Une spiritualité à partir du plus pauvre (10)

Pour ma part, à force de vivre en milieu très démuni, j’ai appris à me rendre compte combien les infirmes, les aveugles, les handicapés y sont plus malheureux encore qu’ailleurs, y sont davantage sans défense.

Je ne pouvais pas ne pas affronter la question des estropiés, des paralytiques, des sourds-muets au temps de Jésus.

Les boiteux, les épileptiques, les handicapés mentaux dans les cités [très pauvres] m’ont alors servi de leçon et de guide. » 

Heureux vous les pauvres, p. 78-79.

 

Nous avons déjà parlé de la manière dont le père Joseph Wresinski lit les Evangiles. Mais il faut y revenir tant cet aspect est important pour toute sa spiritualité. Le père Joseph découvre une grande ressemblance entre sa propre expérience, celle des plus pauvres, et les Evangiles.

« Etre parmi ces familles [très pauvres, à Noisy-le-Grand] devint, pour moi, être dans la foule entourant Jésus. »

« Les plus pauvres m’aidèrent à approcher Jésus dans la foule de son temps. » [Heureux vous les pauvres, p. 65 et 61]

Pour le Père Joseph, l’expérience vécue de la grande pauvreté est le lieu de la rencontre avec le Christ, et deviendra le lieu de la lecture de l’Evangile.

La lecture chrétienne de l’Evangile, et de l’ensemble de la Bible, se fait à partir du Christ.
C’est le Christ qui fait disparaître le voile qui nous empêche de comprendre la parole de Dieu [voir la 2ème Lettre de Paul aux Corinthiens 3, 14-16].

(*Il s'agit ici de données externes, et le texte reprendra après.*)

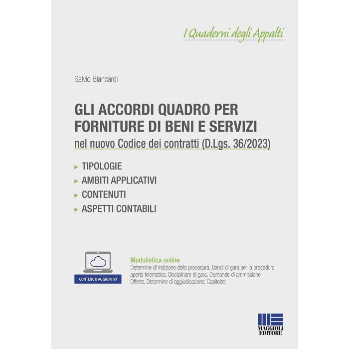 Gli accordi quadro hanno ricevuto nuovo impulso a seguito delle recenti riforme normative, che ne hanno rilanciato l'utilizzo eliminando alcuni vincoli previsti dalla disciplina previgente. Per "accordo quadro" si intende un accordo concluso tra una o più amministrazioni aggiudicatrici e uno o più operatori economici allo scopo di definire le clausole relative agli appalti da aggiudicare durante un dato periodo, in particolare per quanto riguarda i prezzi e, se del caso, le quantità previste. La conclusione di un accordo quadro offre l'indubbio vantaggio per le amministrazioni di semplificare l'iter di affidamento del singolo appalto. L'accordo quadro è uno strumento contrattuale e non una procedura di affidamento. Le procedure di affidamento che possono essere utilizzate per stipulare un accordo quadro sono quelle previste dal codice dei contratti (d.lgs. 31 marzo 2023, n. 36), ovvero aperte, ristrette, negoziate e così via, in relazione alle soglie di importo. L'autore, in questa pubblicazione, focalizza l'attenzione sugli accordi quadro relativi agli appalti di servizi e forniture. L'obiettivo è fornire uno strumento teorico-pratico ad uso di chi è impegnato negli affidamenti. Nella parte introduttiva della pubblicazione vengono illustrate le regole normative inerenti all'istituto giuridico dell'accordo quadro in conformità al D.Lgs. 36/2023; viene poi fornita la modulistica per la gestione dei procedimenti relativi sia agli appalti di servizi sia agli appalti di forniture. Tutti gli schemi sono disponibili anche online per una agevole personalizzazione.

Pour le Père Joseph, la clé de lecture a un accent très particulier : il lit l’Evangile à partir de la contemplation du Christ, Fils de Dieu fait homme de la misère.

Au sujet de cette lecture, on peut répéter ce qu’écrivait le Père Joseph :

« Il faut du temps pour nous transformer, pour changer de regard et nous purifier »   [Les pauvres sont l’Eglise, p. 238]

C’est-à-dire : contempler Jésus, à partir de la souffrance et de l’humiliation des plus pauvres du monde, entraîne le croyant à un voyage de grande ampleur :  Laisser se transformer le visage que nous avons de Dieu…

 Nous laisser enseigner, pas seulement ni d’abord par les sages et les instruits, mais par les petits et ceux à qui Jésus s’est pleinement identifié [Evangile de Matthieu 11, 25 ; 25, 31-46].

 Laisser l’Esprit Saint nous conduire « à l’intérieur de la vérité tout entière » [Evangile de Jean 16, 13], et reconnaître que cette vérité qu’est Jésus [Evangile de Jean 14, 6] n’est pas un savoir, n’est pas non plus une règle de conduite ou une doctrine…,  mais le Christ qui s’humilia jusqu’à subir la honte de la mort sur la croix des esclaves [voir Lettre de Paul aux Philippiens 2, 6-8].